_What is required_
Below are records; print only the lines from the line containing "Juodas moteriškas džemperis" to the end, both included, reproduced exactly and without the pictures.

_The input_

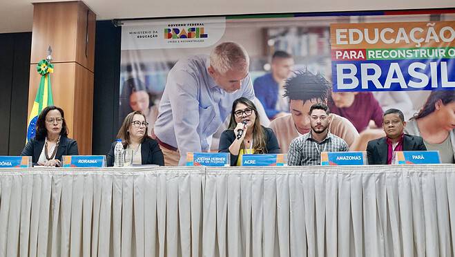 O Acre participou de mesa de apresentação de experiências locais junto com outros estados do Norte do país. Também estão participando do encontro a assessora pedagógica do Departamento de Ensino Médio da SEE, Kátia Leão, e duas integrantes do Ieptec: a diretora de ensino, Mara Lima, e a chefe do Departamento de Planejamento e Orçamento, Aldenice Ferreira.
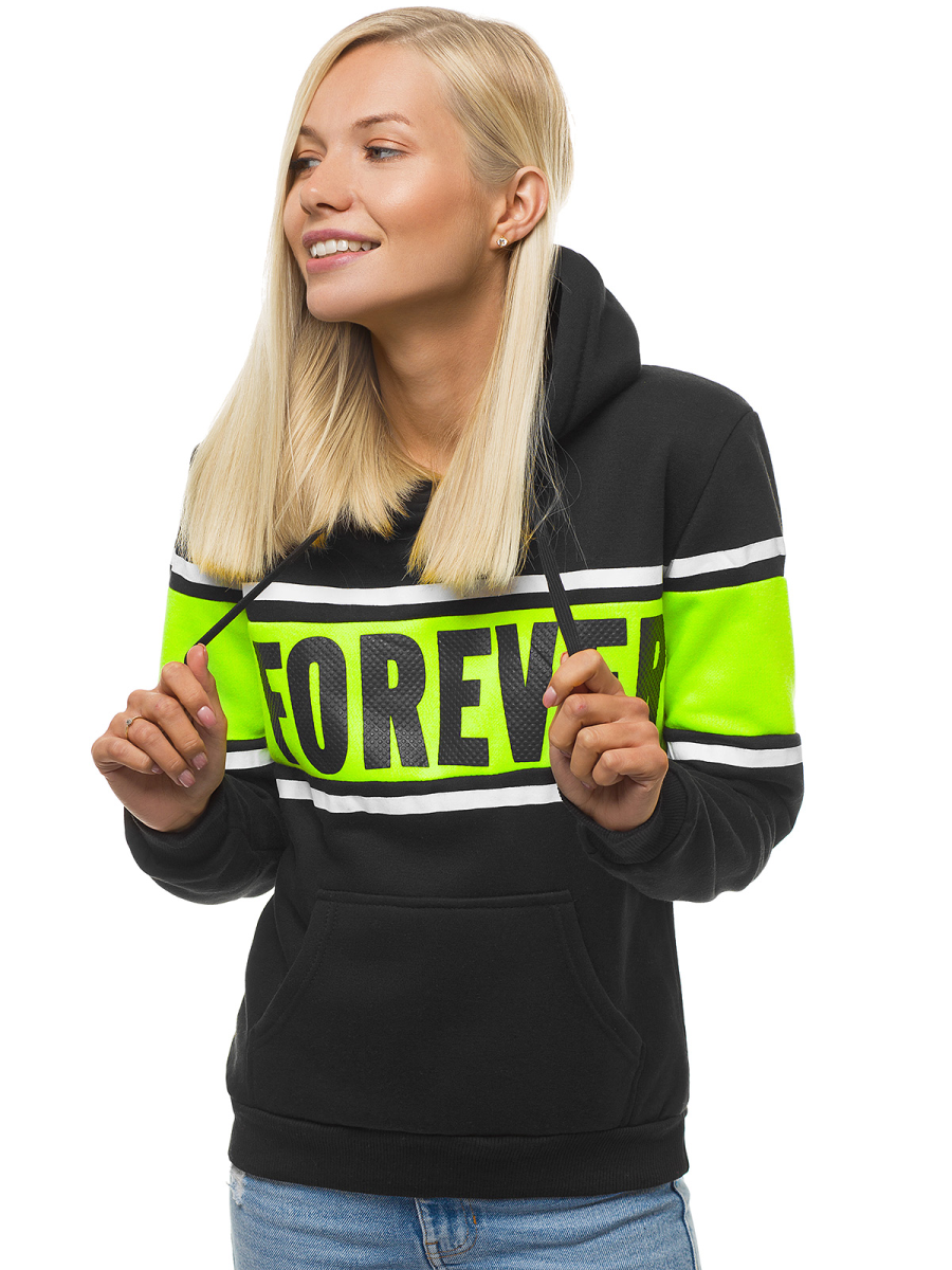 Juodas moteriškas džemperis su gobtuvu OZONEE JS/KSW2004
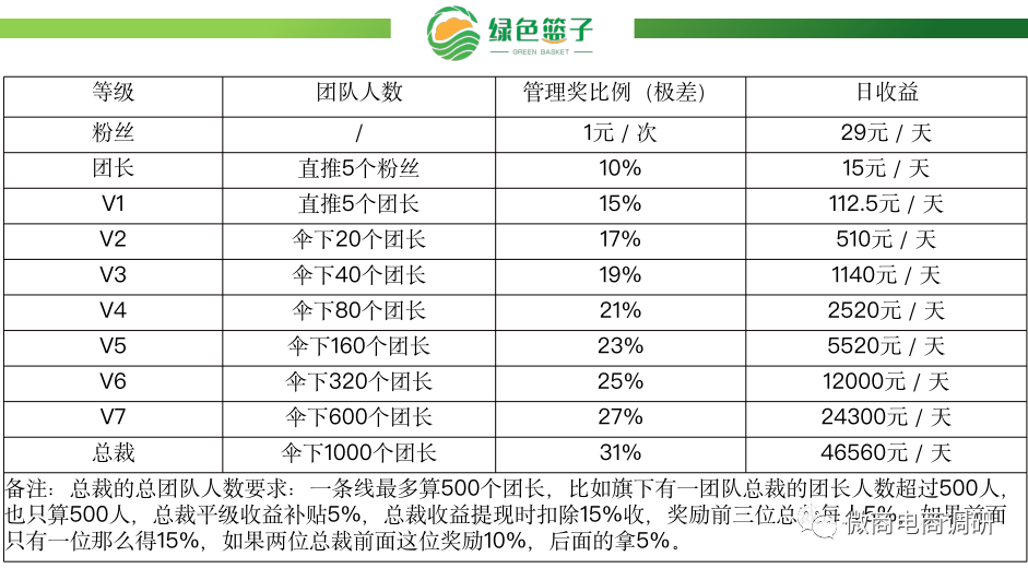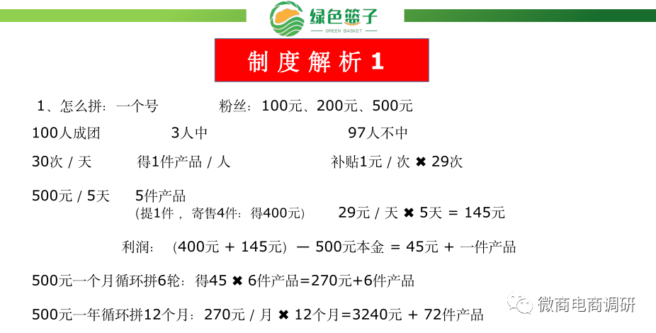 公众号“区块链都知道”也认为:“绿色篮子是最近热度比较高的拼团模式,这个模式说过很多次了,就是包装成电商的资金盘,把这种模式当成是45天回本的资金盘去做,就没有疑虑了,不同项目回本周期不同,但是心里记住资金盘是随时跑路的就行了。”
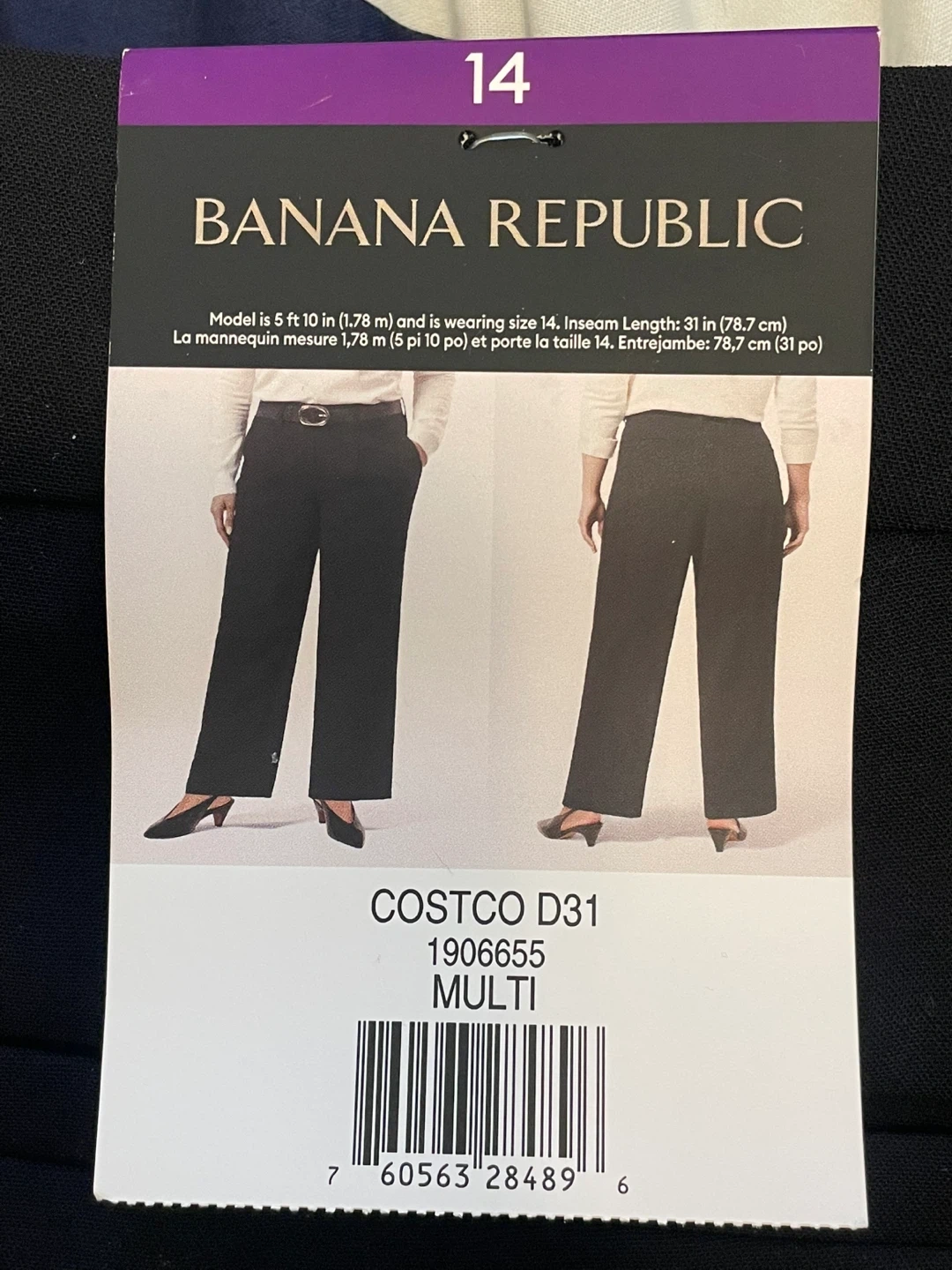 NWT Banana Republic black pants in size 14. These trousers have a 31-inch inseam. Made with a polyester blend.
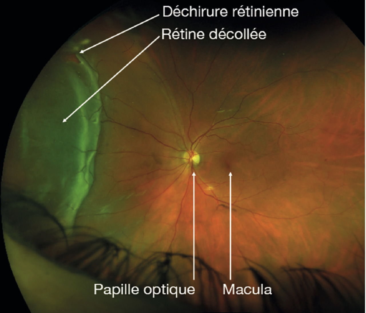Fig. 2 – Rétinographie d’un décollement de rétine gauche.

_The completed task_
 Juodas moteriškas džemperis su gobtuvu OZONEE JS/KSW2004
 公众号“区块链都知道”也认为:“绿色篮子是最近热度比较高的拼团模式,这个模式说过很多次了,就是包装成电商的资金盘,把这种模式当成是45天回本的资金盘去做,就没有疑虑了,不同项目回本周期不同,但是心里记住资金盘是随时跑路的就行了。”
 NWT Banana Republic black pants in size 14. These trousers have a 31-inch inseam. Made with a polyester blend.
Fig. 2 – Rétinographie d’un décollement de rétine gauche.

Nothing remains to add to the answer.